▶ [WHAT IS EXPECTED]: Exclude all pictures from your copy of the data below, which should otherwise match exactly.

▶ [THE DATA]:
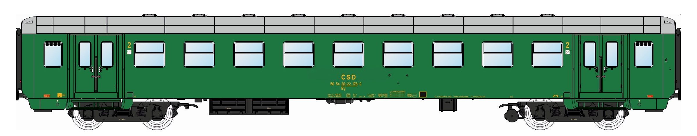| • 50 54 20-22 176-2 | → | vůz druhé třídy 10 oddílů |
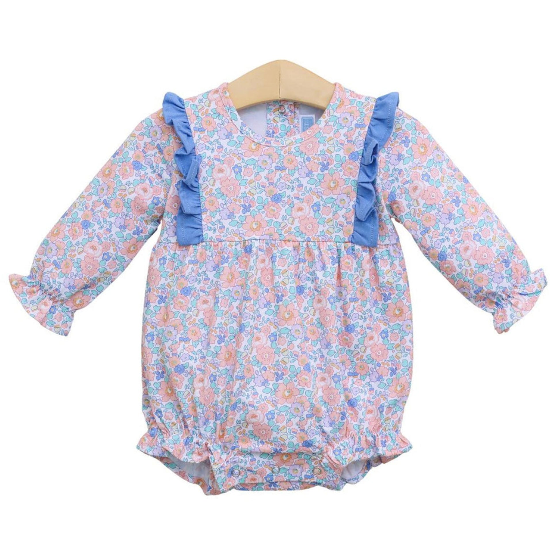 This Frankie Blue Floral Knit Bubble is the perfect outfit for any fall occasion! Whether it's church, back to school, the pumpkin patch, or a fun outing, this adorable blue floral bubble is ready for it all. It features long bishop sleeves and snaps in stride for easy changes.
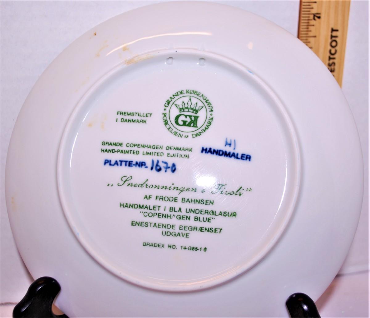 "The Snow Queen in the Tivoli" by Artist Frode Bahnsen - Includes: CERTIFICATE OF AUTHENTICITY, Plate #1670, 7" Diameter, Handpainted Copenhagen Denmark & Dated 1980
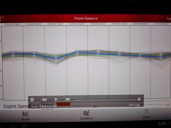 Unfortunately, the vehicle is still misfiring. The same cylinders were misfiring (Cyl 5, 7, 8 and sometimes 4). I placed an pulse sensor in the tailpipe to verify the power balance test accuracy. I found that the power balance test was reporting misfiring cylinders accurately. I checked fuel pressure and even did an injector balance test. Fuel pressure is within spec and injectors measured the same.

▶ [RESULT OF THIS EXERCISE]:
| • 50 54 20-22 176-2 | → | vůz druhé třídy 10 oddílů |
 This Frankie Blue Floral Knit Bubble is the perfect outfit for any fall occasion! Whether it's church, back to school, the pumpkin patch, or a fun outing, this adorable blue floral bubble is ready for it all. It features long bishop sleeves and snaps in stride for easy changes.
 "The Snow Queen in the Tivoli" by Artist Frode Bahnsen - Includes: CERTIFICATE OF AUTHENTICITY, Plate #1670, 7" Diameter, Handpainted Copenhagen Denmark & Dated 1980
 Unfortunately, the vehicle is still misfiring. The same cylinders were misfiring (Cyl 5, 7, 8 and sometimes 4). I placed an pulse sensor in the tailpipe to verify the power balance test accuracy. I found that the power balance test was reporting misfiring cylinders accurately. I checked fuel pressure and even did an injector balance test. Fuel pressure is within spec and injectors measured the same.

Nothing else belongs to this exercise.